誤字修正。大量ってなんやねん。体調だ、体調



誤字修正。わからにってなんだよ。わかんないよ。



誤字修正。先生と小太郎君は何を躱していたんでしょうかねえ



第四十二話 空虚な戦い

 離れ島にやってきた。学園祭の圏内ではあるけど、比較的静かな島の奥に、秘密の催しがあった。マル秘コスプレコンテスト。

 コスプレって、この学園祭においてはかなりの人数がしていると思うのだけど、なんでそれを秘密にして集まっているのだろう。

 先生の先導で連れて来られた私達は、千雨さんを見つけて合流した。先生、なかなか強引だ。そこに、マキエも入って来た。先生を見かけて追って来たんだって。猫を思い起こさせる衣装を纏ったマキエが元気いっぱいに挨拶して来るのに会釈で返すと、どしたの? 元気ないね、と首を傾げられた。そう見える? まあ、その通り、とっても気分が悪いんだけどね。

 でも、お祭り気分に水を差さないように、普通に見えるようにしていたつもりだったのに、なぜマキエは気付いたのだろう。先生も委員長もコタロー君も、気付いてなかったみたいなのに。……ひょっとして、ばればれだったのかな。だとしたら、ちょっと、恥ずかしいのだけど。

 一人でもじもじやってる内に話は進んで、委員長とマキエが千雨さんの指導の下コスプレをして、コンテストに出場する事になった。いつになく活き活きとしている千雨さんを見ていれば、「あん、あんたも出んのか」と腹立ち紛れの様に話題を振られた。……なんで怒ってるの?

 首を振れば、千雨さんはそれもそーかと頷いて、それから、半霊を見てきた。……あげないよ。いや、いらないよ。そんな会話を交わしている内に、話に参加して来た先生によって千雨さんもコンテストに出場する事になった。

 小悪魔? っぽい衣装に身を包んだ千雨さんは、本気で嫌がってるようにも見えるし、どことなく嬉しそうにも見えた。

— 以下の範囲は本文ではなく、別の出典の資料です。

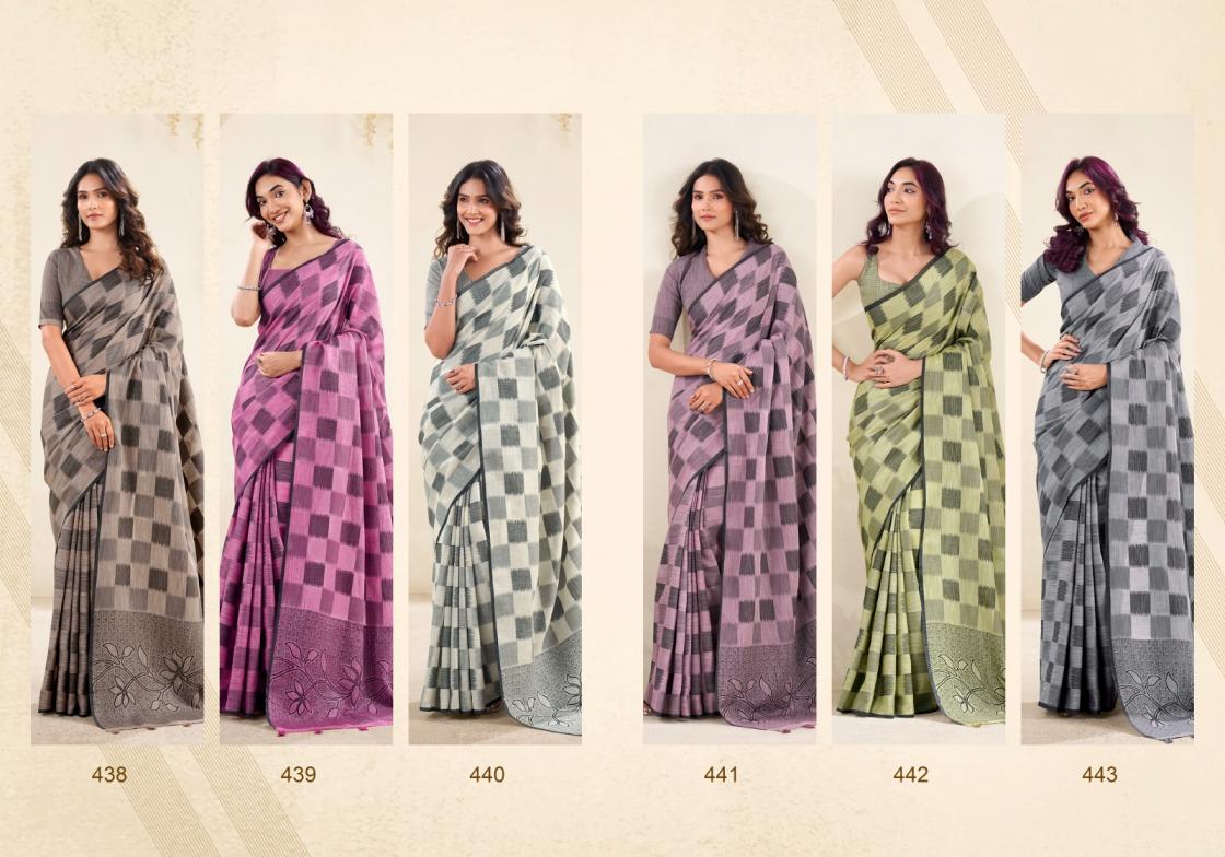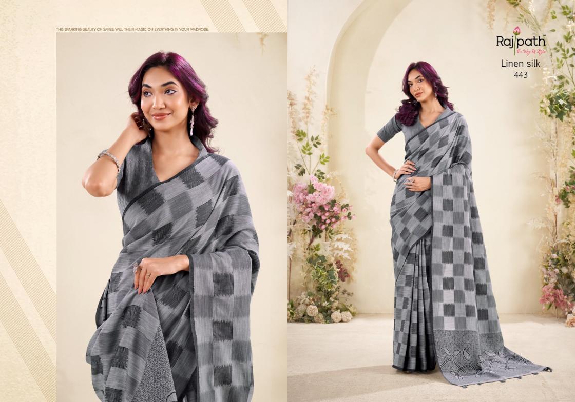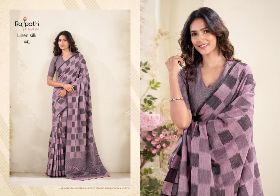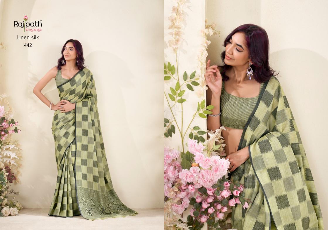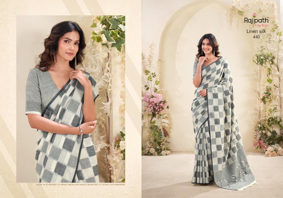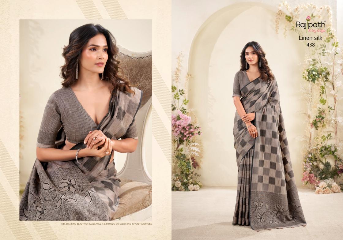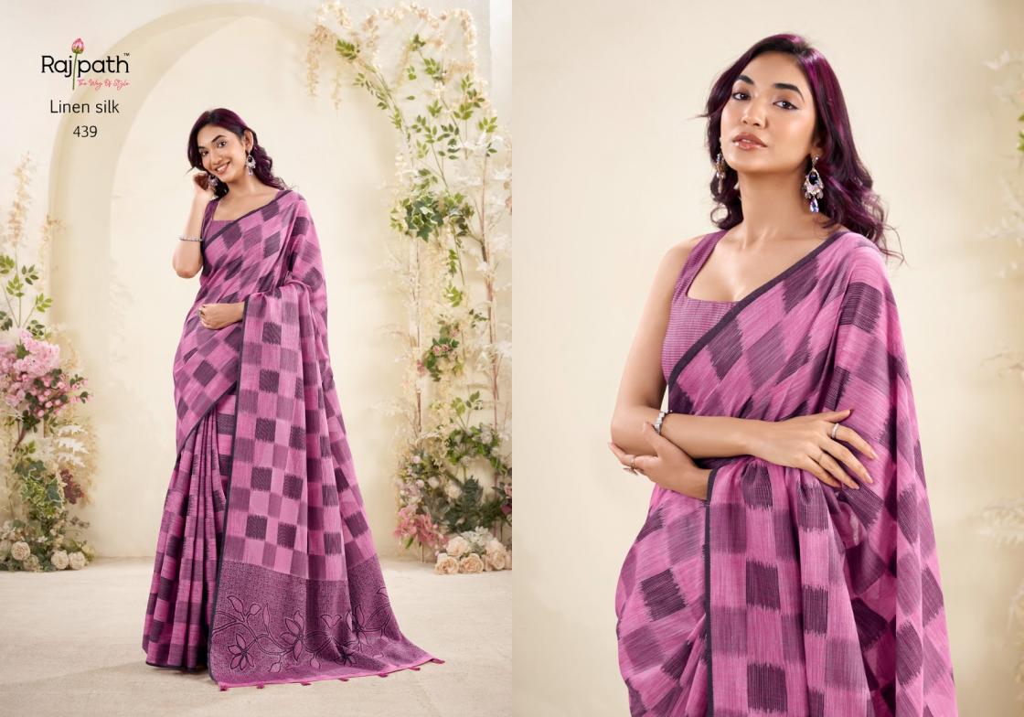 Brand : Rajpath Catalog Name : Redium Silk Series: 438 to 443 Saree Fabric : Linen Silk Checks Print Blouse Fabric : Linen Silk Checks Print Occasion : Daily Wear, Uniform Wear,Casual Wear |
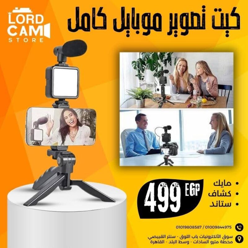 كيت تصوير موبايل وكاميرا متكامل – إضاءة، ميكروفون، وحامل ثلاثي احترافي
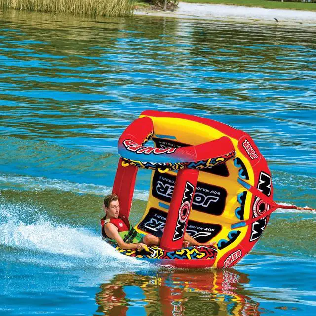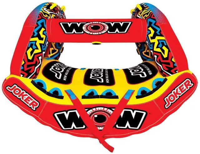 WOW isn't joking around when it comes to making Major League Towables. The JOKER is the latest and greatest on the water. Don't be a fool at the lake and BE SEEN, this HIGH-PROFILE design will sure draw some attention and entertain the ones brave enough to ride AND the bystanders alike. Built with a state-of-the-art design, introducing the exclusive WOW POWER TOWER. The Power Tower System gives riders countless options when it comes to how they ride. Stand, Kneel, Sit, Lay or even Handstand, if you're a jokester like that. The winged bottom minimizes the drag and hugs the riders so they can feel secure even when it gets out of hand Riding solo? Guide your ride using the Power Tower as leverage to steer and glide across the waves.
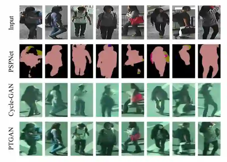 张史梁等人提出的 person transfor GAN(PTGAN)如下图所示:
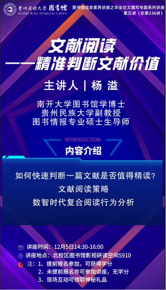 面对海量文献无从下手?读了一小时才发现这篇文章并不相关?在信息过载的时代,如何高效筛选、精读与整合知识?本学期图书馆信息素养讲座之毕业论文撰写专题系列讲座第五讲,特别邀请到杨溢老师(南开大学图书馆学博士、贵州民族大学副教授、图书情报硕士研究生导师)为大家带来讲座:文献阅读——精准判断文献价值,聚焦数智时代新工具与新思维,让每一次阅读,都指向更清晰的方向;告别盲目泛读,精准捕获价值文献!欢迎同学们踊跃参加!
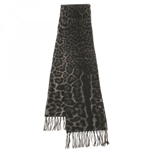 Yves Saint Laurent Grey Leopard Patterned Cashmere Wool Scarf

かわいーですよと先生が褒めると、やかまし、と恥ずかし気。私も、かわいいと思う。思うだけだけど。

 壇上に現れた委員長とマキエが台詞と共に決めポーズをして、観客を沸かせ、次には千雨さんが出る。私には、てんぱっている様にしか見えなかったけど、実はあれは、キャラクターを再現していたらしい。凄い。私の体調の悪さも凄い。

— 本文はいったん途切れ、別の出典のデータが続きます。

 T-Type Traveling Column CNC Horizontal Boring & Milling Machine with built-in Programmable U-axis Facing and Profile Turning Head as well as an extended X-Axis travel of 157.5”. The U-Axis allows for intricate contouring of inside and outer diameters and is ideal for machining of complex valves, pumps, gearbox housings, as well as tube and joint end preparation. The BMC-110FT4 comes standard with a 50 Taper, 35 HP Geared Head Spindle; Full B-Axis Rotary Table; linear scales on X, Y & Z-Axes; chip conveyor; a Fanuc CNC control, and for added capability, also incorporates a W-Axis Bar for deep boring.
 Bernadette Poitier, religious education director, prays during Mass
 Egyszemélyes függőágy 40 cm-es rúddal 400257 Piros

 千雨さんが優勝して、マキエ達は準優勝。手に入れた像を私に見せてくれたので、そうなんだすごいねと褒めておいた。

 帰り際、へんてこコスプレ集団に呼び止められた。……幻想郷の住民を模した衣装を纏った男性が複数と、女性が複数。意外と、外の世界にもファンが多い? 八雲紫の格好をした女性が、「さっきの子……」と呟くのに顔を向ければ、前に出た風見幽香の格好をした男性が、幽霊部員さんですか、と聞いてきた。よくわからない質問。確かにそうだけど、なんでそんな事聞くんだろう。……あ、剣道部の人?

 

「お知り合いですか?」

 

 こしょっと先生が話しかけてくるのに、どう答えようかと迷っていると、お忙しそうですね、と男性。私は、別に、忙しくは無いけど。

 

「意外だなー、幽霊部員さんは男の方だと思ってたんですが……あ、また夜に会いましょう」

「……?」

 

 言ってる意味がよくわからないまま、その集団と別れて、島を出る。誰だったんだろうと記憶を探っていれば、コタロー君も悩んでいる様子。気になって話しかければ、「女装って俺が思ってるより普通のもんなんやな」だって。……さあ、どうなんだろう。

 流れで新体操部が屋外に開いているお披露目会に行って、マキエの演技を見た。前にも見せて貰ったけど、本当に体が柔らかい。どうやってるんだろう。

 そろそろ仕事に戻りますと言う委員長と別れて、その後三つほど回ると、それで今日はおしまいらしい。そうか、今日で全部回るんじゃないんだ。全部が全部、今日やる訳じゃないから。

 空も暗くなり始めて、花火が上がる頃に、唐突にカモ君が喋り出した。内容は、先生とコタロー君が交わしていた会話の続き。一日目お疲れ様、みたいな感じ。明日の格闘大会に備えて別荘で休むか、と提案するカモ君に、先生は少しの間悩んで、そうしましょうと手を打った。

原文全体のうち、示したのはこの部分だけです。